Commentary

Poking the Bear

Few people want to return to the animosity and tensions that marked relations between Washington and Moscow throughout the cold war. But clumsy policies by both the United States and Russia now threaten to bring back those unhappy days. The Bush administration presses for further expansion of NATO to Russia’s border and is meddling in parochial disputes between Russia and its small neighbor, Georgia. For its part, the Medvedev/Putin regime shows signs of trying to cause headaches for the United States in the Caribbean.

Both governments need to back off. Condoleezza Rice dismisses the concept of spheres of influence as an obsolete notion, but that doctrine is very much alive. U.S. and Russian leaders ignore that reality at their peril.

If a new cold war emerges, Washington will deserve most of the blame because of policies it has pursued since the mid-1990s. But Russia has now become needlessly provocative as well. The dark hints last week that it might station bombers in Cuba is utterly reckless. For Americans, even the possibility that Moscow might deploy a nuclear-capable weapon system in Cuba brings back memories of the most nightmarish episode of the cold war — the Cuban missile crisis. No American government would tolerate such a move — nor should it. Moscow’s growing flirtation with Venezuela’s Hugo Chavez, an obnoxious nemesis of the United States, is less provocative but still creates gratuitous tensions.

Those moves likely reflect mounting Russian anger at U.S. policies that seem calculated to undermine Russia’s influence in its own backyard and humiliate Moscow. Washington’s “in your face” approach is not a recent development. U.S. officials took advantage of Russia’s economic and military disarray during the 1990s to establish a dominant position in Central and Eastern Europe. Washington successfully engineered the admission of Poland, Hungary and the Czech Republic to NATO in 1998 — over the Yeltsin government’s objections. That expansion of the alliance was nonprovocative, though, compared to the second round earlier this decade that incorporated Latvia, Estonia and Lithuania, entities that had been part of the Soviet Union.
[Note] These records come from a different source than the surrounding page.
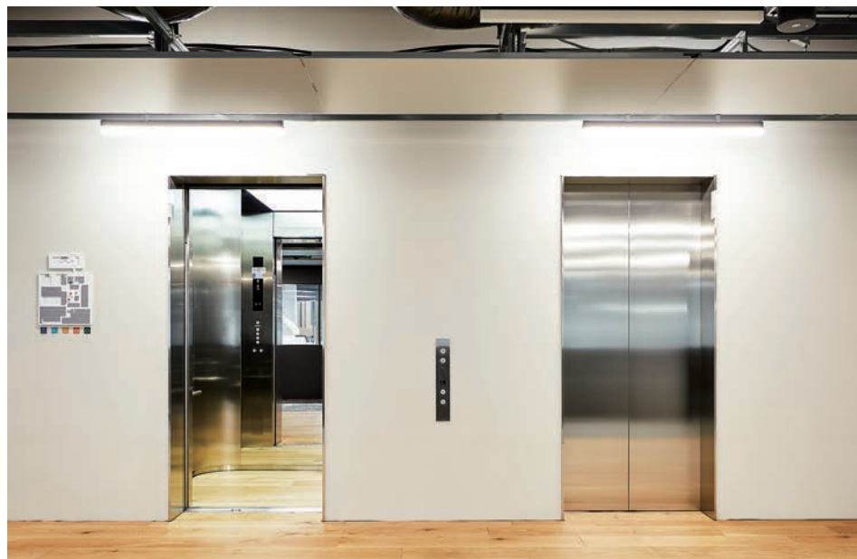
17-person passenger elevator, 2nd floor hall
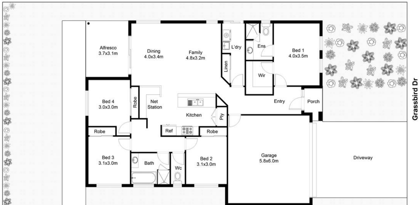
FLOOR PLAN ON SITE PLAN

This floor plan including furniture, fixture measurements and dimensions are approximate and for illustrative purposes only. BoxBrownie.com gives no guarantee, warranty or representation as to the accuracy and layout. All enquiries must be directed to the agent, vendor or party representing this floor plan.
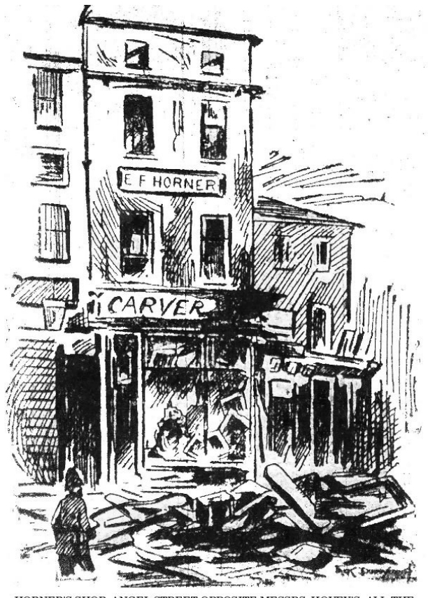
HORNER'S SHOP, ANGEL STREET OPPOSITE MESSRS. HOVEY'S. ALL THE FLOORS BURNT OUT. NOTHING REMAINING BUT WALLS.

Reaching across the roadway, the flames licked the side of the shops extending from Bank street corner to the Angel Hotel, and in the case of premises occupied by Mr. E. F. Horner caused great damage. The roof of Mr. Horner's establishment ignited first, the flames then extending downwards into the upper storey. This room was used for mounting pictures and general decorative work, and contained many valuable engravings and water colours. From there the fire continued descend until it reached the ground floor, destroying everything in its progress. The window was shattered, the contents destroyed, the outside ornaments and signs burnt away, and the structure gutted, fire and water together making a complete wreck of the whole place. Fortunately the fire did not extend in the direction of the rear, the stables and the outbuildings were saved and the horse removed unharmed. But things were quite bad enough as they were; the damage to stock alone amounting to nearly £400. In the window was a valuable picture worth a hundred guineas. This was destroyed. Mr. Horner says he is insured, and thinks his loses will be met. In addition to the damage to stock there is the ruin of the shop, this latter being no inconsiderable item, the place being totally unfitted for anything, and in need of entire reconstruction.
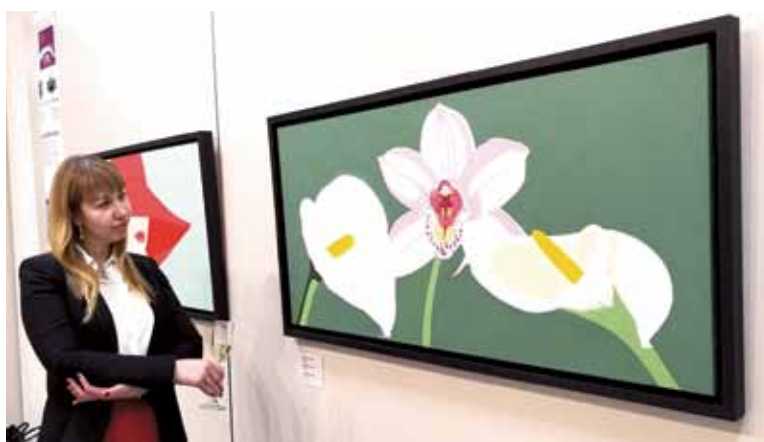
Brightly coloured exhibition

opening, "Belarus, situated at the intersection of roads connecting Europe and Asia, has always tried to promote peace and good neighbourliness to the region. We advocate for the development of good neighbourly relations with other countries worldwide, regardless of their geographical location or length of borders. We have a respectful at-

NATO expansion was not the only manifestation of contempt for Russia’s interests during the 1990s. So too was Western policy in the Balkans — traditionally a key region of concern to Moscow. In 1995, NATO forces intervened in Bosnia’s civil war to the clear disadvantage of the Serbs, Russia’s long-standing coreligionists and political allies. And then in 1999, the United States and its allies waged an air war against Serbia, ultimately wrenching away its restive province of Kosovo.

Although Russia’s political elite was furious at such behavior, given the weakness of the country, they could do little except issue impotent complaints. But that situation has changed. The country is much stronger both economically and militarily than it was a decade ago, and Moscow has begun to push back. For example, it has emphasized that Washington’s attempt to gain NATO membership for Ukraine and Georgia crosses a bright red line and will not be tolerated.

Both Russia and the United States are engaged in grotesquely immature behavior.”

Unfortunately, U.S. policy makers don’t seem to grasp that the power relationship is different than it was in the 1990s. In just the past month, the Bush administration has pressed forward with plans to deploy missile-defense systems in Poland and the Czech Republic, a move that Russia views as an attempt to degrade the effectiveness of its strategic nuclear forces. In response, Moscow has warned Warsaw and Prague that it will target both countries for retaliation in wartime.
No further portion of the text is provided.